The discussion there is about users (perhaps like yourself) who are trying to change what it means to be "Draft 4".
This question here is about an explicit new draft which extends another -- i.e. a user who is properly specifying a different $schema URI -- I could be wrong though of course.
@braingram this should be at least partially addressed with a bugfix in v4.18.1 (out in a few minutes).
Can you let me know how much progress that gets you?
Appreciated!
EDIT: To be clear, "this" is your example comment more so than the title of the issue (being able to create referencing.Specification objects and pass them in).
@Julian Thanks for the update!
I pulled down 4.18.1 and tested the two examples.
The one using the deprecated RefResolver now works on 4.18.1.
However the second example using referencing.Registry fails with the same error. Is this expected because the Resource is created with the Draft4 specification?
However the second example using referencing.Registry fails with the same error.
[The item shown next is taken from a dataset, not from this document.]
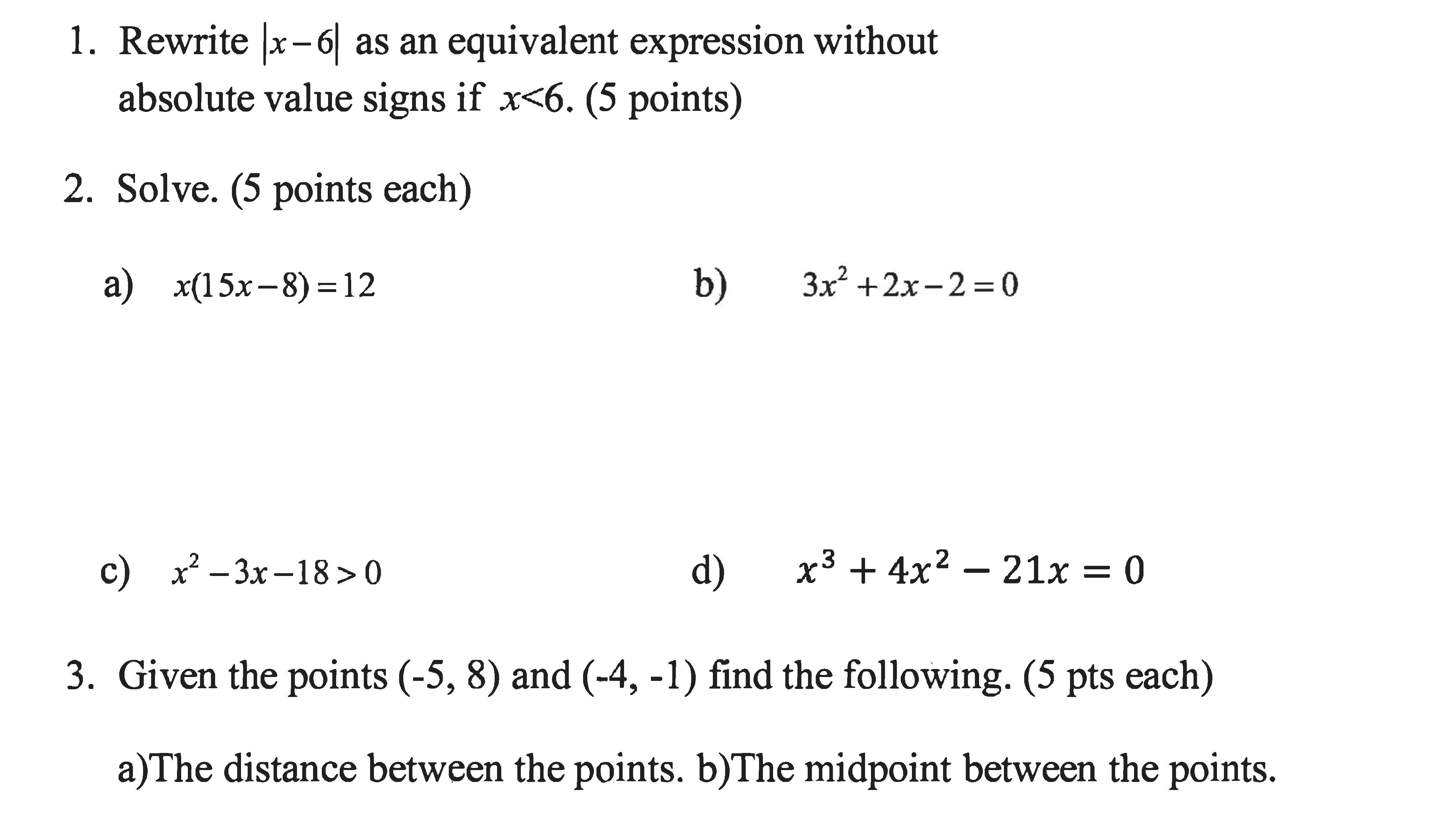 1. Rewrite x-6/ as an equivalent expression without absolute valu...
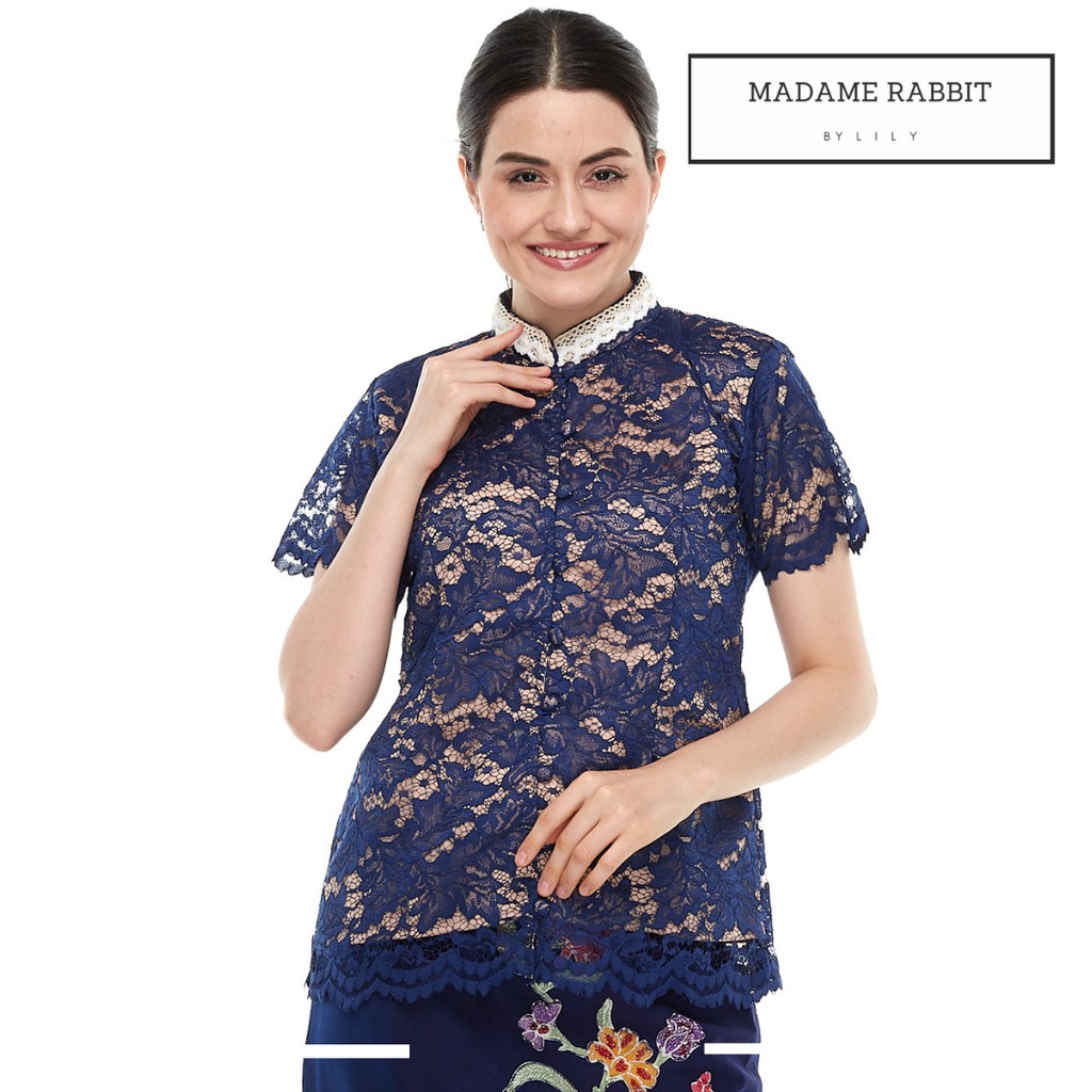 MADAME RABBIT - Brocade Lace Navy Baju Kantor Brokat Halus

Is this expected because the Resource is created with the Draft4 specification?
It has more to do with the original title of this issue, which I'm not sure yet how the best way to solve is (or well, I know a good way, but it involves touching this API even though it's likely not to be a good long term solution for other reasons, so I'm not sure yet whether there's some other one).
Specifically to explain the issue --
You have the schema
{
"id": "http://example.com/bar",
"$schema": "http://example.com/yaml-schema/draft-01#",
"allOf": [{"$ref": "foo"}]
}
That $schema is saying "I am a schema that belongs to some version of JSON Schema identified by that URI http://example.com/yaml-schema/draft-01#", which of course you have invented.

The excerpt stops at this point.